Source Loc. Title Voices Attribution

Text

Source: Hymn "Verbum supernum prodiens", stanza 5

O salutaris hostia

Que celi pandis ostium

Bella premunt hostilia

Da robur fer auxilium
O saving Host,

You who open the gate of heaven -

Hostile wars press upon us -

Give strength, bring aid.

Editor's Commentary

The five-voice writing makes this setting of O salutaris hostia more elaborate than the preceding ones in the Occo Codex. There are two Tenors, one with a slightly higher range than the other, but with a number of voice crossings.
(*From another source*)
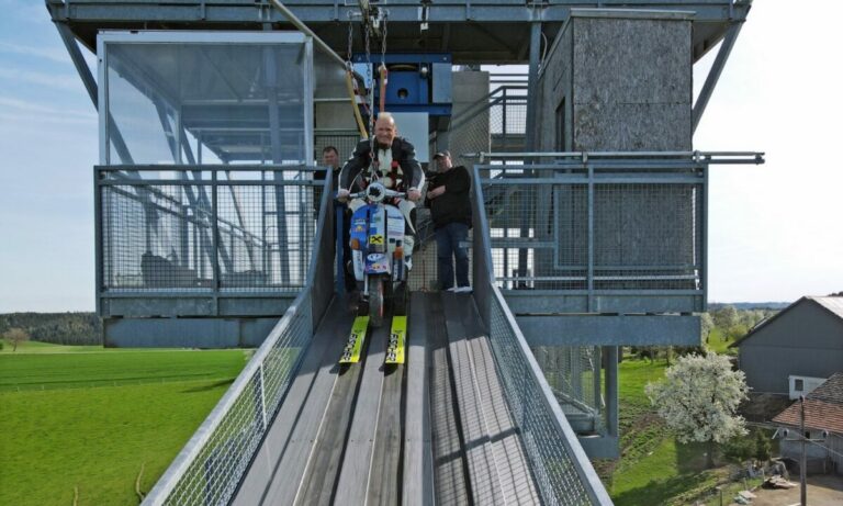Lo stuntman Günter Schachermayr conquista un nuovo record con un incredibile salto in Vespa da un trampolino sciistico, atterrando dopo 198,5 metri.

The Superius has a very high tessitura, moving most of the time between c'' and g''. As a consequence, the total range of the piece (two octaves and a sixth) is considerably larger than that of the other settings of the same text in this source.

Sonority seems to have been the most important consideration in the composition of this piece. The four phrases begin in nearly strict homophony, presenting a succession of full consonances, and then develop into a contrapuntally more elaborate ending. The transition is generally marked by a fermata, except in the first phrase, which has a fermata on the word "O". Three out of four cadences display a nearly identical progression between Superius (d''-c''-d'') and second Tenor (g/a-c'-a), in which the combination of suspension and false relation seems inevitable, or even deliberately introduced. Maybe to bring out these clashes more dramatically, dissonances are used sparingly outside the cadences.

Compared to sonority, voice leading seems to have been a less important consideration. The inner voices lack melodic distinction and regularly contain successions of leaps, some of which are evidently there to evade parallel fifths and/or octaves. This contrapuntal style places the piece at a transitional stage, offering an example of true five-voice writing without a long-note cantus firmus, but still before five-part writing was standardized in the through-imitative writing of the 1520s and 1530s.